A major concern flagged in the analysis is the issue of stranded renewable capacity—power that is generated but cannot be transmitted due to grid limitations.
Vibhuti Garg, Director South Asia at the Institute for Energy Economics and Financial Analysis, said: “It is encouraging to see the national generation adequacy plan taking shape. India has made remarkable progress in expanding renewable energy capacity, with clean sources now accounting for more than 50% of installed capacity.
However, the real test lies not in capacity addition, but in how effectively this generation is utilised. Currently, over 37 GW of renewable energy capacity remains stranded—highlighting gaps in planning, integration, and grid readiness.
This underscores the urgent need to shift focus from merely adding capacity to ensuring efficient evacuation and utilisation. Strengthening transmission infrastructure and aligning it with demand centres is critical.

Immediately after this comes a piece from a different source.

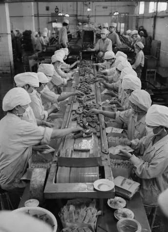 ▲1981年北京人民食品廠工人正在包裝冰棍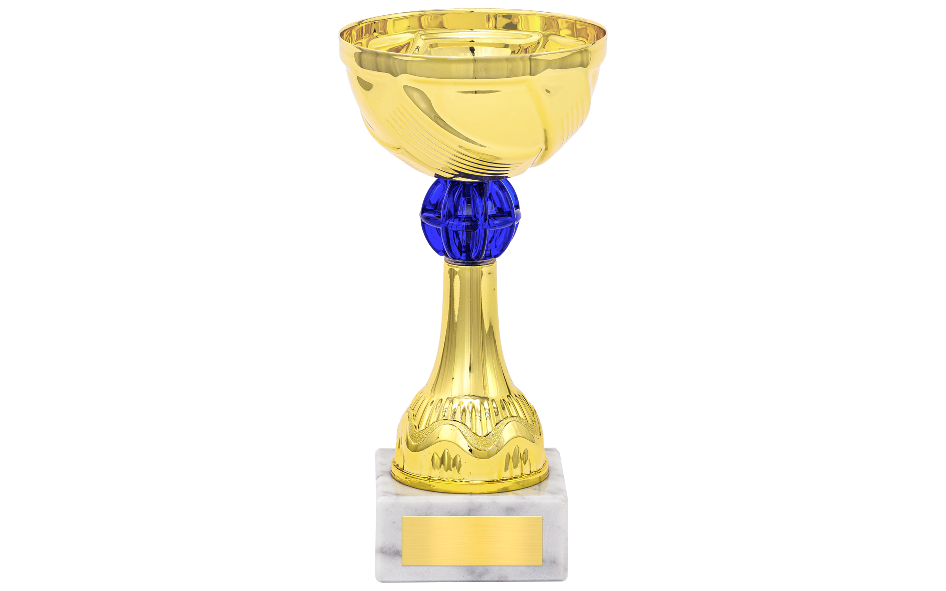 Unser Pokal JASPER mit blauem Mittelteil kombiniert einen goldfarbenen Kelch mit einem kräftigen Blau, das sofort ins Auge fällt und jede Auszeichnung besonders macht.

As supply and demand increasingly diverge geographically, coordinated planning becomes essential.”
The report also notes that renewable energy generation is becoming more geographically dispersed, increasing the need for robust transmission networks to connect generation hubs with consumption centres.

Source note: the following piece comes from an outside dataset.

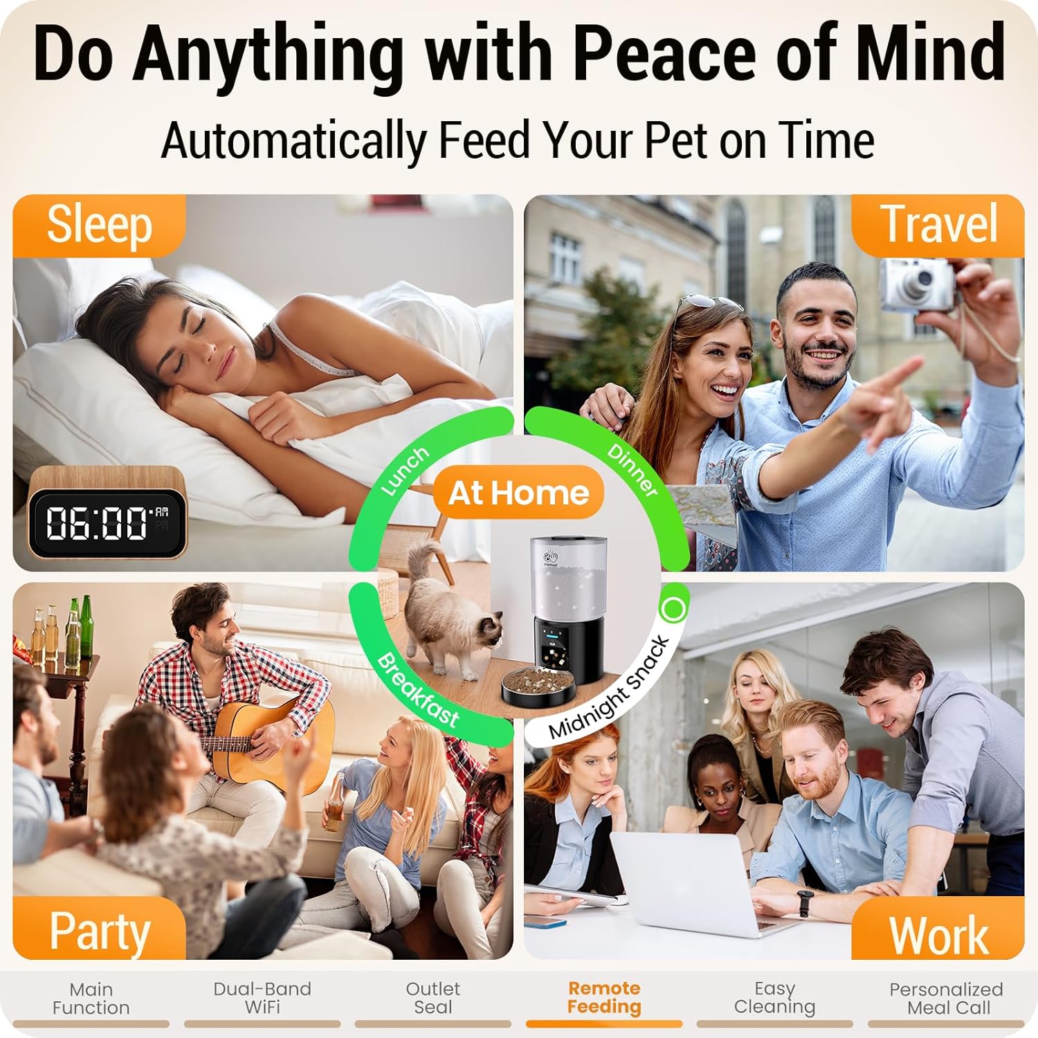 • Dual-band WiFi : The automatic cat feeder with app supports dual-band WiFi (2.4GHz & 5GHz). Dual-band wifi means you don't have to modify your router for channel compatibility issues. Faster 5G networks allow for a more stable signal.

India Power Capacity 2035-36 Needs Massive Storage Push
Energy storage emerges as the single most critical enabler of India’s clean energy transition.

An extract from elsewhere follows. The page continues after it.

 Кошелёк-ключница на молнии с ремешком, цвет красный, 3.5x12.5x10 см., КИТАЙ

The plan estimates that India will require 174 GW / 888 GWh of energy storage capacity by 2035-36, including battery storage and pumped hydro.
However, the current pipeline is far from sufficient:
- Only 10.6 GW of battery storage is under construction
- Additional capacity remains in tendering or early planning stages
This gap between projected need and current deployment highlights a major financing and policy challenge.
The report also emphasises that solar-plus-storage systems are emerging as an alternative, particularly for meeting peak demand during non-solar hours, but are yet to fully replace coal-based baseload generation.
India Power Capacity 2035-36 and Energy Security
The timing of the plan is significant, coming amid global energy market disruptions and geopolitical tensions.
Vibhuti Garg noted:“At a time when India remains exposed to global fuel supply disruptions due to geopolitical tensions, accelerating renewable energy integration is not just a climate imperative—it is an economic and energy security necessity.”
The report positions renewable energy not just as a climate solution, but as a strategic tool for reducing dependence on imported fuels.
EVs and Data Centres as New Demand Drivers
The plan also identifies electric vehicles and data centres as emerging sources of electricity demand.
These loads are expected to be geographically concentrated, requiring careful coordination between energy supply and demand planning.
Vibhuti Garg added: “This challenge will intensify with the rise of new demand drivers such as electric vehicles and data centres. These loads are often geographically concentrated, making it even more important to strategically plan clean energy supply in tandem with demand clusters.”
India’s power sector is entering a defining decade.
The National Generation Adequacy Plan makes it clear that the country is on track to build one of the world’s largest clean energy systems. But it also underscores that capacity alone is not enough.
The real transition will depend on:
- Grid infrastructure
- Energy storage deployment
- Demand-side planning
- Policy alignment with emerging technologies
As the report emphasises, the goal is not just to expand capacity, but to ensure a reliable, resilient, and cost-effective power system capable of meeting India’s rapidly growing electricity demand.